_Source data_
^^^^^^^^

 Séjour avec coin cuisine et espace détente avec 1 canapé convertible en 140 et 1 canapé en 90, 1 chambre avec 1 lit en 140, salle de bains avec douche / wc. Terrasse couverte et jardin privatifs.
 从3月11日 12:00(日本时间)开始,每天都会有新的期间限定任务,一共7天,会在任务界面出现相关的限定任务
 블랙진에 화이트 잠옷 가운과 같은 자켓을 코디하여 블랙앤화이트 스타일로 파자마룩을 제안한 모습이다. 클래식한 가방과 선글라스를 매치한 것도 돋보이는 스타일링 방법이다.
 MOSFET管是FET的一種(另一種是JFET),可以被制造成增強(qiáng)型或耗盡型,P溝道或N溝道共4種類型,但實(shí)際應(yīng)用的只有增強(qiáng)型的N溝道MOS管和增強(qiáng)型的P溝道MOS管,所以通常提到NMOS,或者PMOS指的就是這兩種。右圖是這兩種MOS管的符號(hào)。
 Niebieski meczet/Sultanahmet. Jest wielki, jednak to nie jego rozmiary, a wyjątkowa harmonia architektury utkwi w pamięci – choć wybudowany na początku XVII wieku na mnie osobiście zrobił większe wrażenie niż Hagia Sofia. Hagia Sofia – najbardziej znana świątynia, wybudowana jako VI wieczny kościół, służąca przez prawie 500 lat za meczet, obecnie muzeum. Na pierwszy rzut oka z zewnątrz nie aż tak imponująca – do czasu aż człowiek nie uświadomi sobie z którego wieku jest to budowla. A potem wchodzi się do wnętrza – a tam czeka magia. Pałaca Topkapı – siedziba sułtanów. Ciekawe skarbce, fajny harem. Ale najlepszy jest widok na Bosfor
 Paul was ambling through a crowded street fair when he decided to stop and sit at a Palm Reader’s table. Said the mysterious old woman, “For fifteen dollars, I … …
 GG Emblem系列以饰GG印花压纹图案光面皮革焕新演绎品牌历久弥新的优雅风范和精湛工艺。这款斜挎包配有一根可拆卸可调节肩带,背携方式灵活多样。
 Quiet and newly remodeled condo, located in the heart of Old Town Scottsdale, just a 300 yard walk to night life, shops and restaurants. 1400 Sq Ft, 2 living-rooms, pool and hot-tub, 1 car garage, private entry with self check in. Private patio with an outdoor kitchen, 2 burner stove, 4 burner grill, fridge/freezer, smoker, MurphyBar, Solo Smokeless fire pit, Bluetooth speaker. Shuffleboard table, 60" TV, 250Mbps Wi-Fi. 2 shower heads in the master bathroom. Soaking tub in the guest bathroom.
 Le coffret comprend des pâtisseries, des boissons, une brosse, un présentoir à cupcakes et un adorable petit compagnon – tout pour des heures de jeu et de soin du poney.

^^^^^^^^

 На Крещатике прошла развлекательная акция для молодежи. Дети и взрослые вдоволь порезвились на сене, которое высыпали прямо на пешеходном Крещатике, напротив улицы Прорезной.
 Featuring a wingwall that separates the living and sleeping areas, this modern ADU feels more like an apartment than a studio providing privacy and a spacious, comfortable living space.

^^^^^^^^

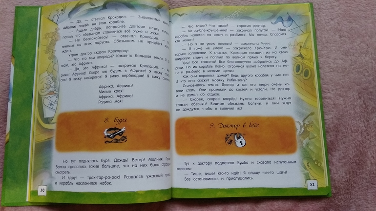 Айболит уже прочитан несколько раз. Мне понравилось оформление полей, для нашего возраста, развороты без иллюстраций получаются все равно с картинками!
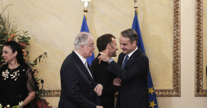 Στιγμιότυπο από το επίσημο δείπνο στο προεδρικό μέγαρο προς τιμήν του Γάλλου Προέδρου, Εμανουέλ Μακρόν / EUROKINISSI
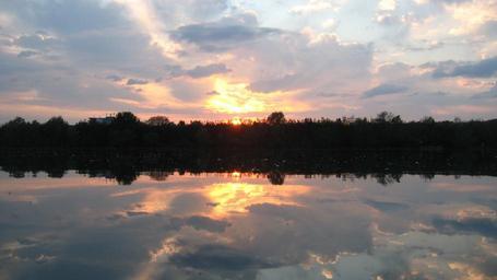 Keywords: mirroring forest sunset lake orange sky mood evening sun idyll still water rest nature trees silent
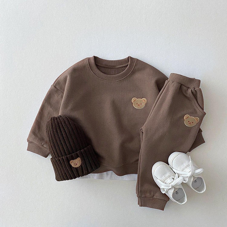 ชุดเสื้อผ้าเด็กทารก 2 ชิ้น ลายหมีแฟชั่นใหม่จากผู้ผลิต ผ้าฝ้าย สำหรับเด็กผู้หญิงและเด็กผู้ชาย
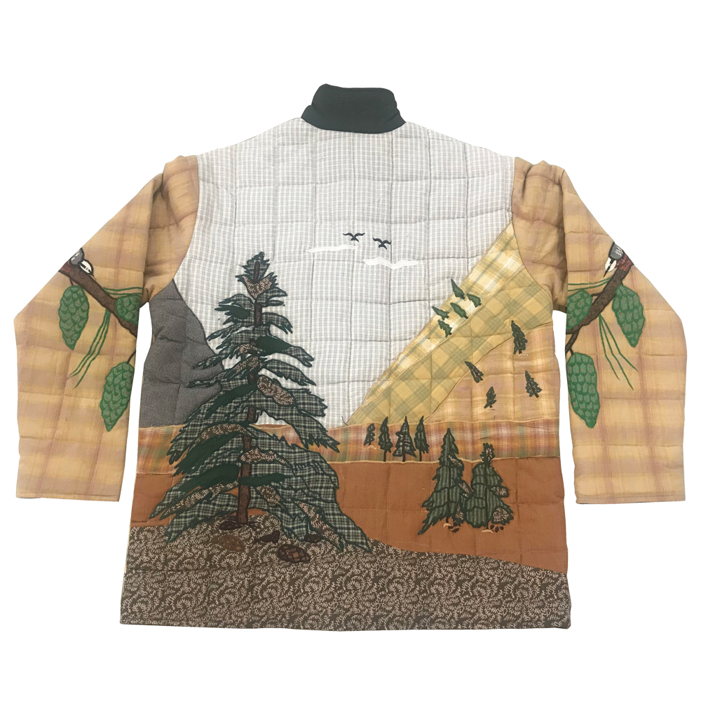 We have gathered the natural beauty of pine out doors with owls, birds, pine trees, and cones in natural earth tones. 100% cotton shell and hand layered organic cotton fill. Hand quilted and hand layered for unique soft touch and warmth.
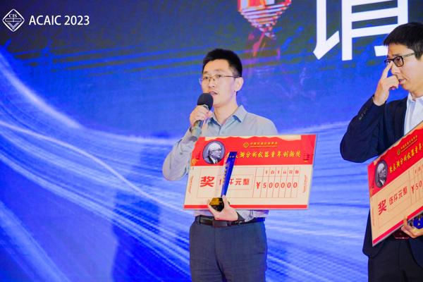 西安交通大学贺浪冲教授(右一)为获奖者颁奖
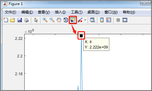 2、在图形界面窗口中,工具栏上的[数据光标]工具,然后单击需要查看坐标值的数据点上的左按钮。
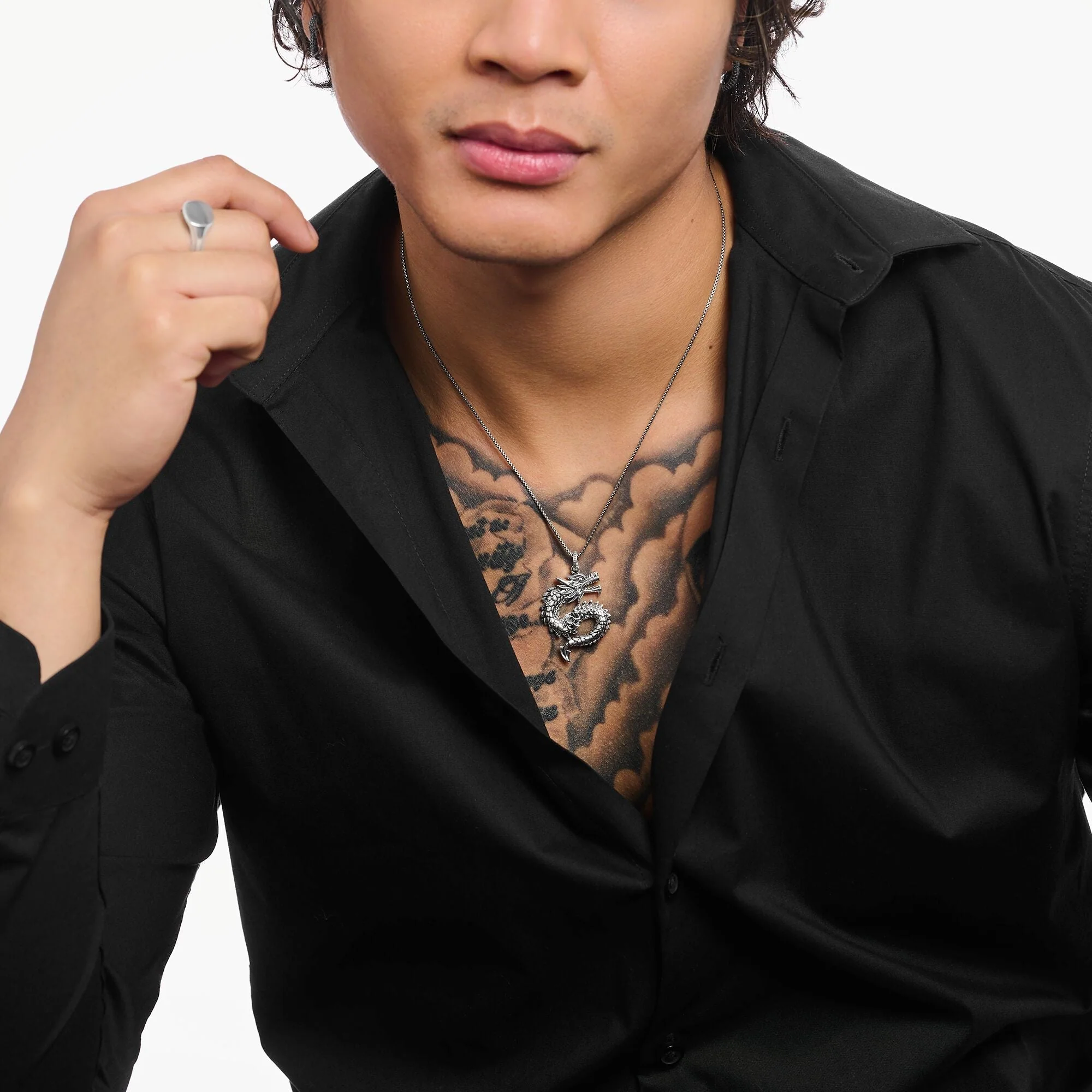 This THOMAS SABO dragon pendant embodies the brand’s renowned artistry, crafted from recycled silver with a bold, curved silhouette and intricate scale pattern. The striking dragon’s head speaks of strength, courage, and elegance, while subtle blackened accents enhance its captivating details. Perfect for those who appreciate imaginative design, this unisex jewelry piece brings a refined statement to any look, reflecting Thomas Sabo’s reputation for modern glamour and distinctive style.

^^^^^^^^

_What to do_
Lines from the entries that contain the word "living" are what the answer must hold.

_Completed exercise_
 Quiet and newly remodeled condo, located in the heart of Old Town Scottsdale, just a 300 yard walk to night life, shops and restaurants. 1400 Sq Ft, 2 living-rooms, pool and hot-tub, 1 car garage, private entry with self check in. Private patio with an outdoor kitchen, 2 burner stove, 4 burner grill, fridge/freezer, smoker, MurphyBar, Solo Smokeless fire pit, Bluetooth speaker. Shuffleboard table, 60" TV, 250Mbps Wi-Fi. 2 shower heads in the master bathroom. Soaking tub in the guest bathroom.
 Featuring a wingwall that separates the living and sleeping areas, this modern ADU feels more like an apartment than a studio providing privacy and a spacious, comfortable living space.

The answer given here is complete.